BASF order books filling but has no clear view beyond December

Nigel Davis


LONDON (ICIS)–A shift in customer order trends towards more short-term purchasing due to coronavirus pandemic uncertainty has sharply reduced visibility on future demand, BASF CEO Martin Brudermuller said on Wednesday.

An increase in business momentum seen in October looks set to continue through much of the rest of 2020, added company CFO Hans-Ulrich Engel.

“December is looking fine at this time,” he said on Wednesday, commenting on BASF’s order books for the coming months.

Beyond that, however, the company stressed that it has very little forward visibility.

BASF’s coronavirus hit sales volumes were 2% lower in the third quarter compared with Q3 2019. Volumes were lower year on year in July and August but 4% higher in September.

They would have turned positive that month in the US if it were not for the steam cracker outage at Port Arthur in Texas. The company experienced double digit third quarter volume growth in China driven by what CEO Martin Brudermuller described as the country’s ‘V’ shaped economic recovery.

BASF has seen its order books fill following the lockdown driven slump in April and the gap, with order levels last year, close.

Now, order entries are slightly below the same month of the previous year, Brudemuller said, but he acknowledged that renewed coronavirus lockdowns might impact orders in the coming months. He was speaking on a media conference call following the release of the company’s third quarter financial results.

The gap between daily order entry, year on year, in April was -27%, but that had shrunk to 4% in September and to 3% in the month to 23 October.

Some 50% to 55% of BASF’s order entries now are for October and 25% to 30% for November. There is “no clear view beyond that,” Brudermuller said.
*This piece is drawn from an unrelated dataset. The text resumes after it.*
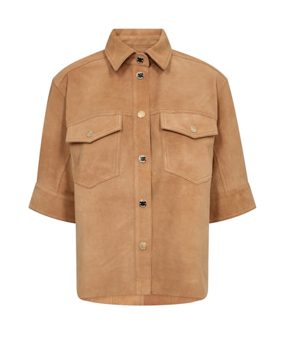 Ljusbrun mocka jacka med kort ärm och guldfärgade knappar.

BASF will be banking on further coronavirus restrictions in Europe and elsewhere having a lesser impact on manufacturing than on hard hit service sectors.

It has been hit severely, however, by the collapse in the aviation sector and the deep slump in the automobile industry. It is suffering from the overcapacity driven pressure on petrochemical margins.

The company stressed on Wednesday that it would take “Early and decisive management actions to ensure continuity of operations worldwide,” in the midst of the pandemic.

“The customer is at the centre of all our activities; we closely interact, even more so during the pandemic. We adapt our utilisation rates according to market demand using our proprietary Verbund simulator,” BASF said in its financial materials.

BASF is planning based on an assumed 5% drop in global GDP this year, a 5.0% slump in industrial production and 2.5% fall in chemical production.

Against that backdrop, it expects to make a return on capital employed (ROCE) in 2020 in the 0.0% to 1.0% range on sales close to €58bn.